Juan Luciano, Chair of the Board and CEO
Thanks, Monish. I'll briefly close by recapping our focus as we continue the path into 2025. With the uncertainty we've noticed in the external environment, ADM is prioritizing an internal focus on the areas we can best control. While administering this self-help we'll remain agile and ready for opportunities that may present themselves along the way. Our focus on execution and cost management will drive savings to the bottom line while ensuring that we're managing our assets and overall network as effectively as possible. Our focus on strategic simplification will deliver opportunities to optimize our portfolio and organization around those areas that deliver the strongest returns and where we are the strongest operators. Our focus on strategic growth will allow us to organically invest in proven winners while also ensuring our business is ready for the future. And our focus on capital discipline will position us to continue the return of cash to shareholders through dividends and selective share repurchases. We are confident that this equation sets ADM up for success in 2025 and ensures we have the necessary optionality in both the short and medium term while keeping our eyes on longer-term opportunities ahead. With that, we'll take your questions now. Operator, please open the line.
Operator, Operator
Thank you. Our first question for today comes from Tom Palmer of Citi. Your line is now open. Please go ahead.
Tom Palmer, Analyst
Good morning, and thanks for the question.
Juan Luciano, Chair of the Board and CEO
Good morning, Tom.
Tom Palmer, Analyst
Just on the nutrition segment, I wanted to make sure I understood the expected profit recovery. It implies a pretty big inflection as the year progresses. You noted Q1 has some maybe heightened headwinds. It sounds like at least for the second quarter, I wasn't sure if it was second quarter or for the full year, the startup at Decatur's noted as a headwind. And then, you've got the insurance headwind, especially in the second half. So, just trying to understand what really drives that inflection. Is it the belief that end markets get better? Is this cost savings plan maybe more concentrated in this part of the business? Thanks.
Juan Luciano, Chair of the Board and CEO
Yes. Thank you, Tom, for the question. Listen, nutrition has a big self-help story inside themselves as we have in ADM of course. But I think the main issue for Nutrition is you need to think about like three different buckets. There is one bucket that is the Decaturist plant, which is Specialty Ingredients, that is a big headwind and until we can bring the plant back that will continue to be. So, that is going to happen in the first quarter. Hopefully, the plant will be back in the second quarter we expect, and that will naturally bring an improvement to the results. The other bucket is a bucket that continues to go very well, which is, if you think about flavors and if you think about biotics, those businesses are doing very well. They are growing. They have grown 7% and 10% respectively in revenue in 2024. So that's going to continue and that's basically execution of their pipeline, and their pipeline is robust and very good. I would say, the third bucket is you have this steady improvement month-over-month, quarter-after-quarter of animal nutrition, which is not a revenue story but it's a margin improvement story. So, you have three different things, and when you put them altogether, we see a strong recovery in the last half of the year for nutrition.

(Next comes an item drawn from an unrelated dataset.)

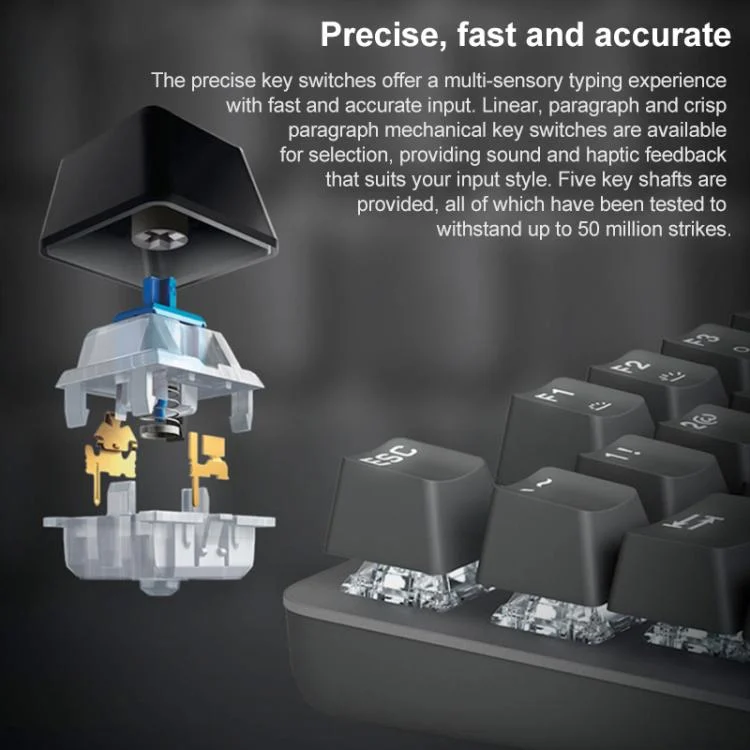 3. The rugged anodized aluminum top cover is very durable and can withstand up to 50 million knocks, and the molded characters will not fade or fall off
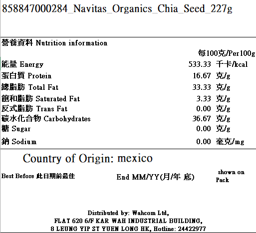 NAVITAS ORGANICS 227g Organic Chia Seed (Parallel Import) 227g 有機奇亞籽 (平行進口) 858847000284

Monish Patolawala, EVP and CFO
Tom, just to add, and I know you already picked it up, but just for math, when you look at it sequentially, so you're right, Q1 starts softer. Sequentially, after adjusting for the insurance recovery, which we have $46 million, we expect those results to be pretty much in line, Q1 equals Q4. And as Juan mentioned, the manufacturing cost, all the self-help starts kicking in in the second quarter to fourth quarter.
Tom Palmer, Analyst
Understood. Thank you.
Operator, Operator
Thank you. Our next question comes from Andrew Strelzik of BMO. Your line is now open. Please go ahead.
Andrew Strelzik, Analyst
Good morning. Thank you for taking my question. I wanted to ask about your perspective on vegetable oil demand, particularly for soybean oil. With the 45Z guidance mostly settled and the imported UCO not qualifying for tax credits, your outlook for vegetable oil demand seems quite positive based on your recent summary. I'm curious about the factors influencing this outlook, considering the market's concerns. Additionally, given the uncertainties affecting the first quarter, how do you anticipate the earnings split between the first and second halves compared to your typical distribution? Thank you.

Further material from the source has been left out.